BEGIN STORED DATA
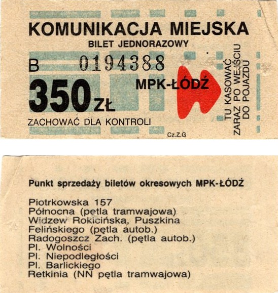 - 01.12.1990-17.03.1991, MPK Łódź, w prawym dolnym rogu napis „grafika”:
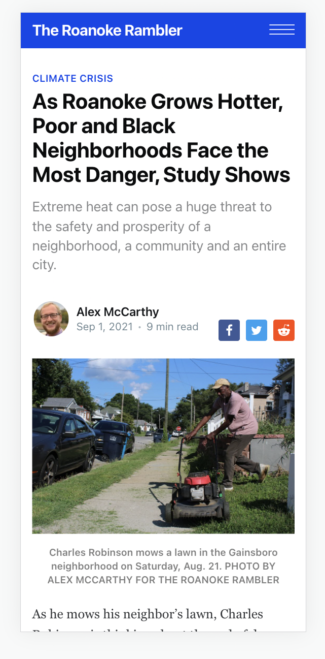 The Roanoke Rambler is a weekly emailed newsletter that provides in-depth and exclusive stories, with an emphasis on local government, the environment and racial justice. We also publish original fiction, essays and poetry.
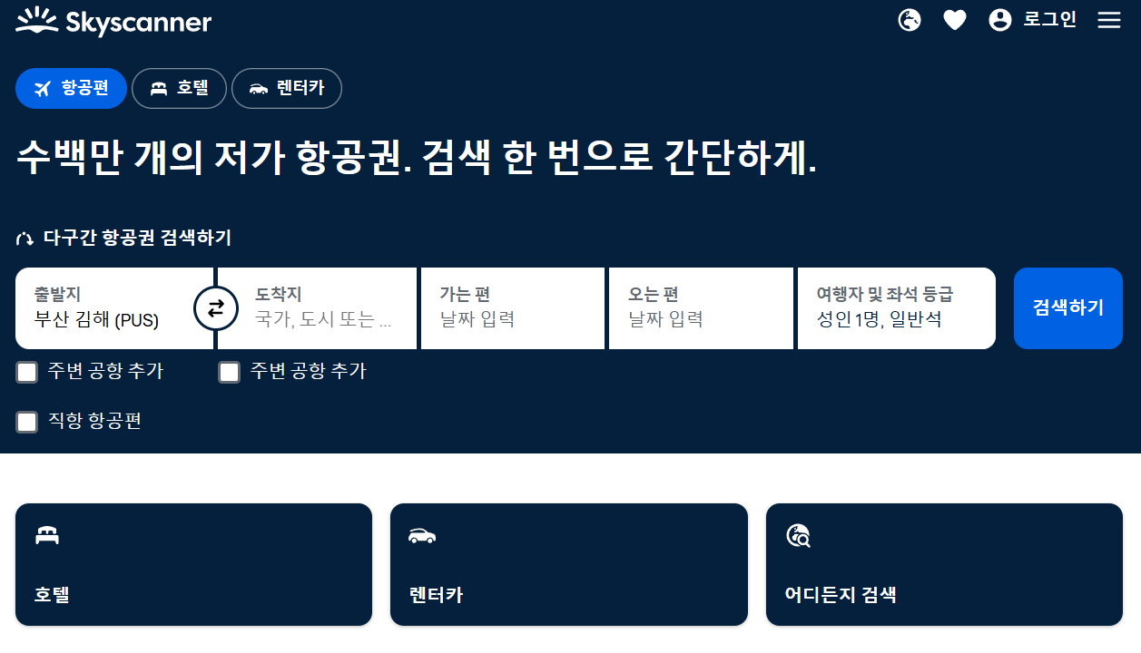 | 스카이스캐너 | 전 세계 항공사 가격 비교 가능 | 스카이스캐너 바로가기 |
END STORED DATA
* TASK STATEMENT *
Omitting all pictures, set the listing down exactly.

* EXERCISE ANSWER *
 - 01.12.1990-17.03.1991, MPK Łódź, w prawym dolnym rogu napis „grafika”:
 The Roanoke Rambler is a weekly emailed newsletter that provides in-depth and exclusive stories, with an emphasis on local government, the environment and racial justice. We also publish original fiction, essays and poetry.
 | 스카이스캐너 | 전 세계 항공사 가격 비교 가능 | 스카이스캐너 바로가기 |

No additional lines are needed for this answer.